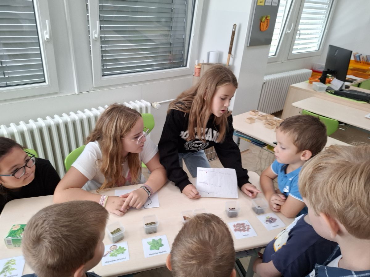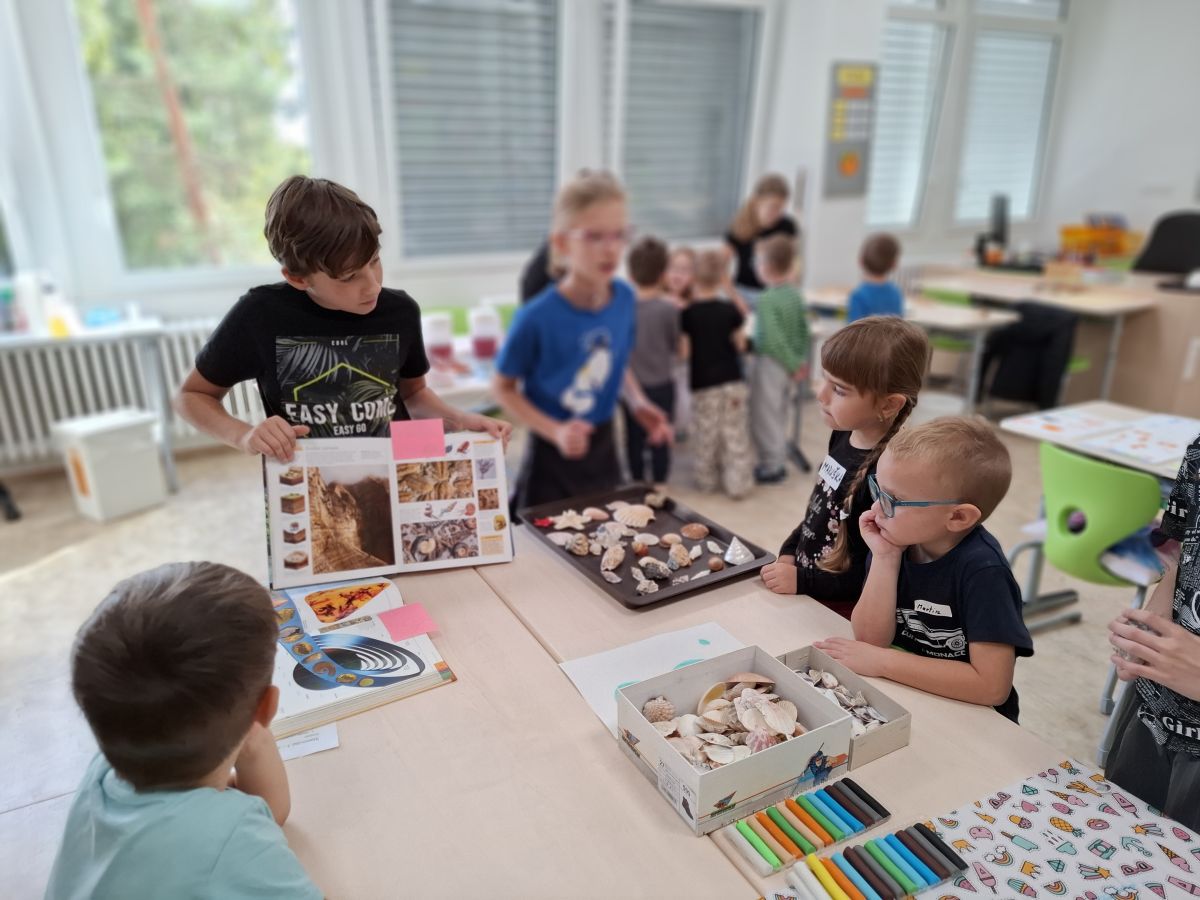 Předškoláci z MŠ Bosonožská a MŠ Kosmonautů strávili dopoledne aktivně bádáním a pozorováním u nás ve škole, které si pro ně připravili žáci 5. ročníků. V rámci projektu „Na skok do školy“ a programem Badatelství se měli možnost seznámit např. s blahodárnými účinky bylin a koření a jejich rozpoznávání zrakem nebo čichem. Velmi oblíbenou částí byla ochutnávka 4 druhů čajů a ovoce – čerstvého i sušeného. Dále vytvářeli mícháním základních barev barvy jiné, poprvé asi někteří zaslechli slovo „barevné spektrum“, barvy teplé a studené. Měli možnost se podívat na zkaměneliny, dozvědět se něco o jejich vzniku a nakonec si sami takové otisky rostlin a živočichů udělat – otiskem do plastelíny a odnést na památku do školky.
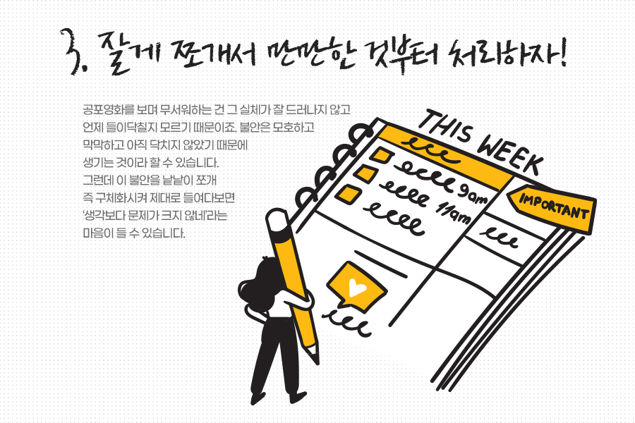 공포영화를 보며 무서워하는 건 그 실체가 잘 드러나지 않고 언제 들이닥칠지 모르기 때문이죠. 불안은 모호하고 막막하고 아직 닥치지 않았기 때문에 생기는 것이라 할 수 있습니다. 그런데 이 불안을 낱낱이 쪼개 즉 구체화시켜 제대로 들여다보면 ‘생각보다 문제가 크지 않네’라는 마음이 들 수 있습니다.
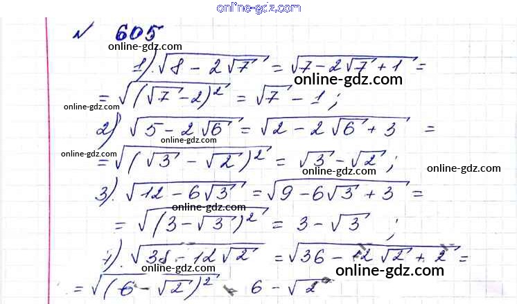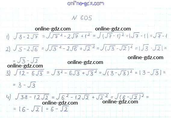 Готовые домашние задания по Алгебре за 8 класс Учебник Мерзляк, Полонский Алгоритм успеха 2016 - §18. Функция y=√x Глава 2. Квадратные корни. Действительные числа 605
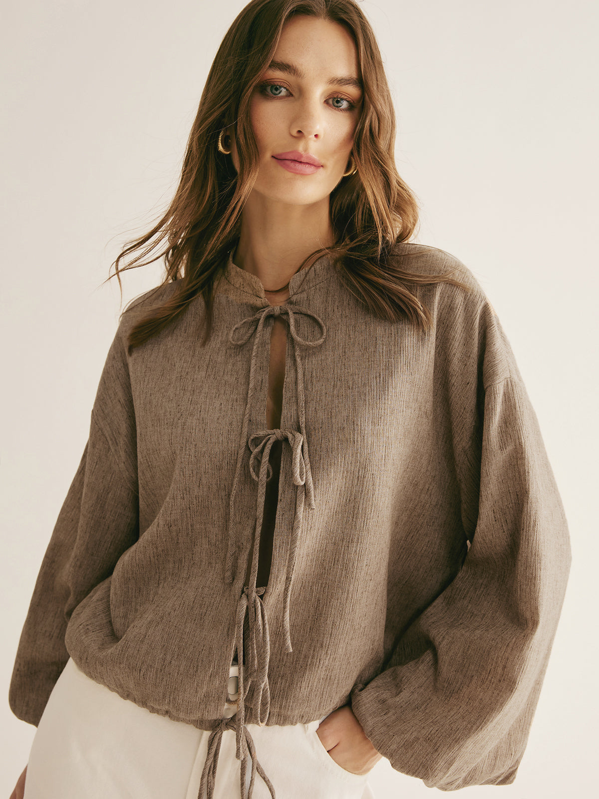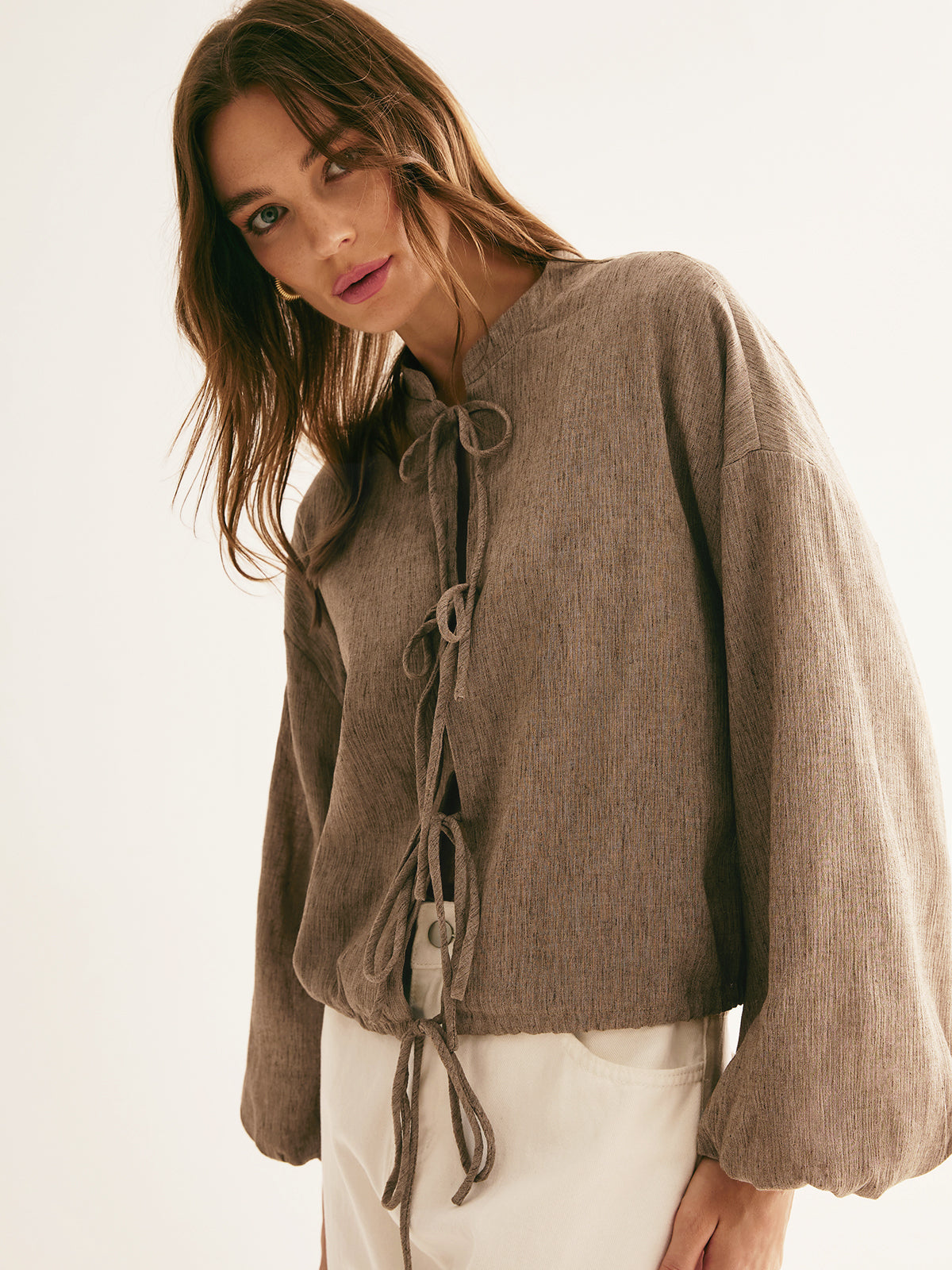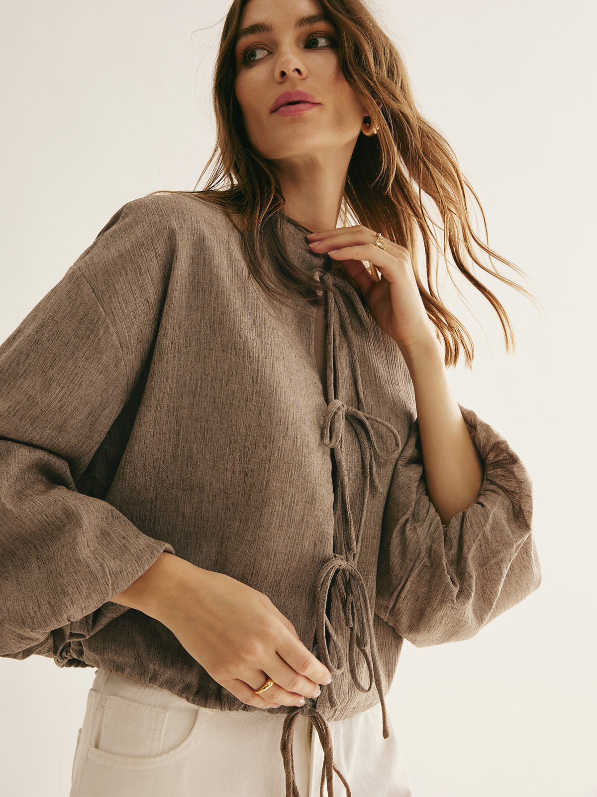 Retro İpli Bağlama Bol Bluz

» **Work order**: The lines from the one containing "공포영화를 보며 무서워하는" up to and including the last line of the material above are to be given again exactly; any pictures are dropped.

» **Task response**:
 공포영화를 보며 무서워하는 건 그 실체가 잘 드러나지 않고 언제 들이닥칠지 모르기 때문이죠. 불안은 모호하고 막막하고 아직 닥치지 않았기 때문에 생기는 것이라 할 수 있습니다. 그런데 이 불안을 낱낱이 쪼개 즉 구체화시켜 제대로 들여다보면 ‘생각보다 문제가 크지 않네’라는 마음이 들 수 있습니다.
 Готовые домашние задания по Алгебре за 8 класс Учебник Мерзляк, Полонский Алгоритм успеха 2016 - §18. Функция y=√x Глава 2. Квадратные корни. Действительные числа 605
 Retro İpli Bağlama Bol Bluz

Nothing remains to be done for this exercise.